## ENTRIES SUPPLIED:
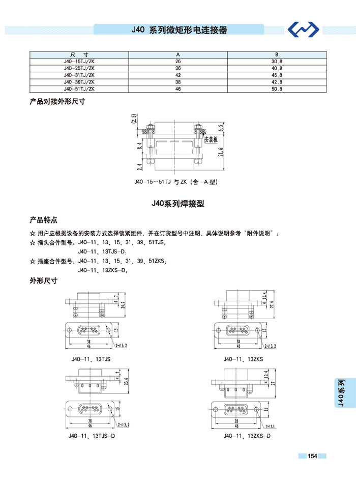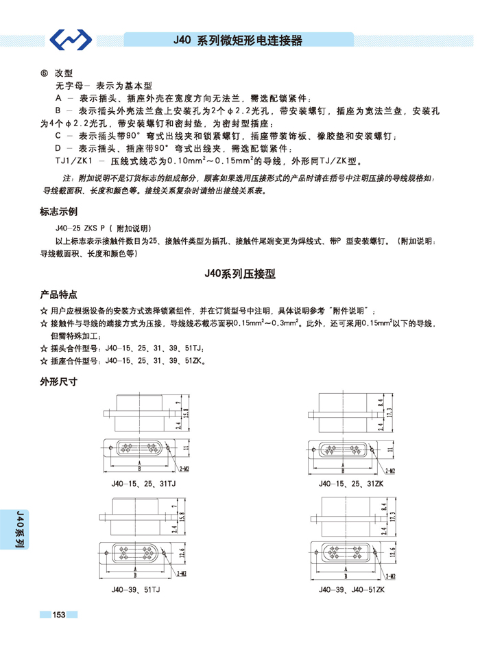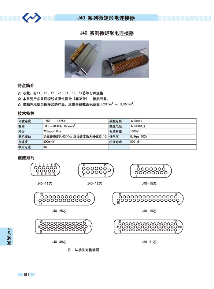 J40 Series Micro-Rectangular Aviation Connector, featuring twisted wire-type elastic pins (twisted pins), ensures reliable contact. It is an upgrade product for the J24H Series Aviation Connectors, with a wide range of wire cross-sectional areas, allowing for higher contact current. The connector back features a shielded wire clamp, securing the cable wire to the pins with stability and firmness.
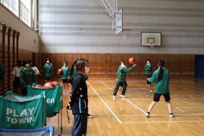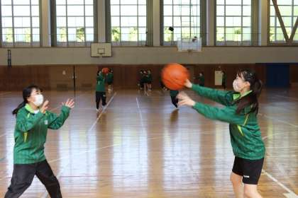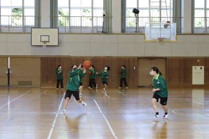 2022 05 02【授業の風景3】3-45体育女子 バスケットボール 公開日 2022/05/02 更新日 2022/05/02 校長より 3-45体育女子 バスケットボール 走りながらのパスとシュートはなかなか難しいね^^ いいね(0)
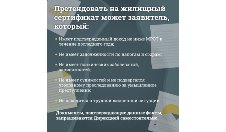 Претендовать на получение жилищного сертификата может заявитель, который: имеет подтвержденный доход не ниже МРОТ в течение последнего года; не имеет задолженности по налогам и сборам; не имеет психических заболеваний, зависимостей; не имеет судимостей и не подвергался уголовному преследованию за умышленное преступление; не находится в трудной жизненной ситуации. Документы, подтверждающие данные факты, запрашиваются Дирекцией самостоятельно.
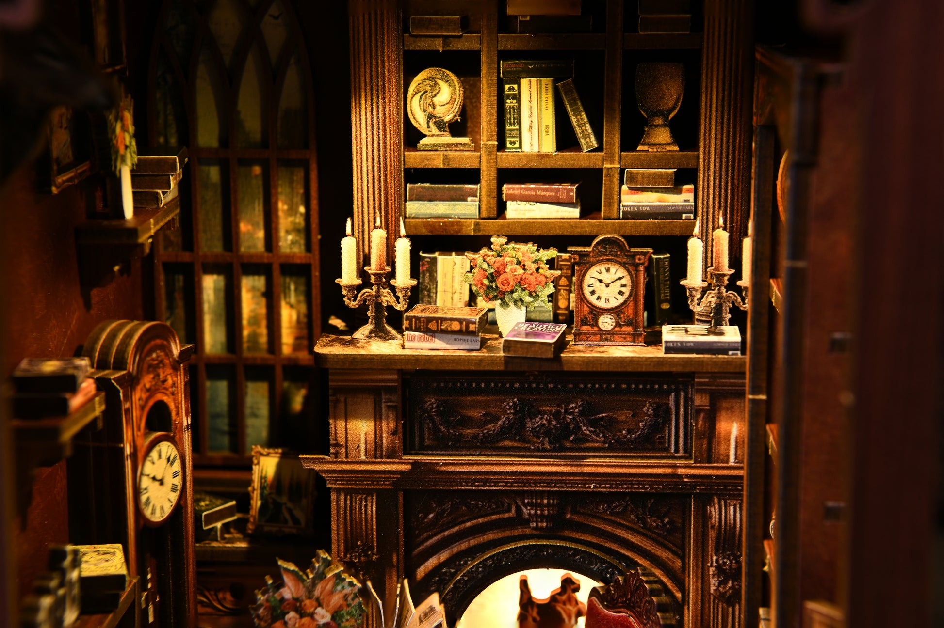 Immersive Retro Style – Realistic library theme with bookshelves, fireplace, and ornaments.
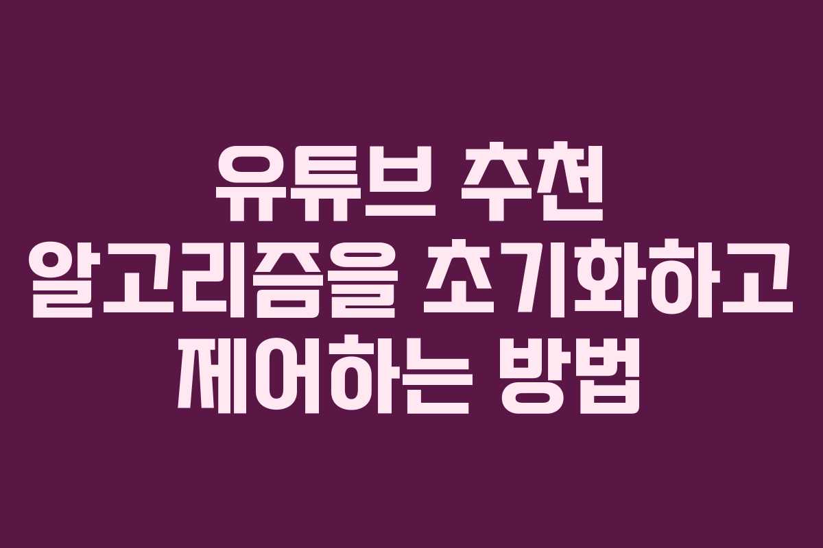 유튜브 추천 알고리즘을 초기화하고 제어하는 방법
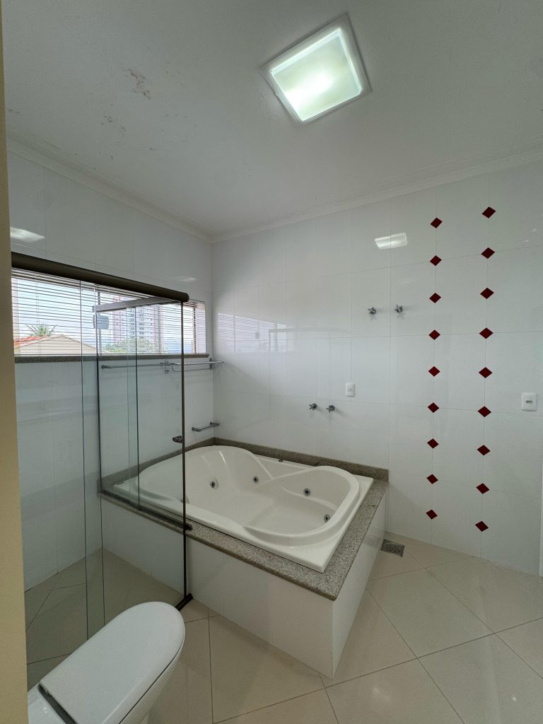 Suíte Master com closet, varanda e banheiro espaçoso com banheira

## EXERCISE DETAILS:
With the pictures left out, output the lines from the one containing "Immersive Retro Style" through the last line of the records above, exactly as they are.

## THE ANSWER:
 Immersive Retro Style – Realistic library theme with bookshelves, fireplace, and ornaments.
 유튜브 추천 알고리즘을 초기화하고 제어하는 방법
 Suíte Master com closet, varanda e banheiro espaçoso com banheira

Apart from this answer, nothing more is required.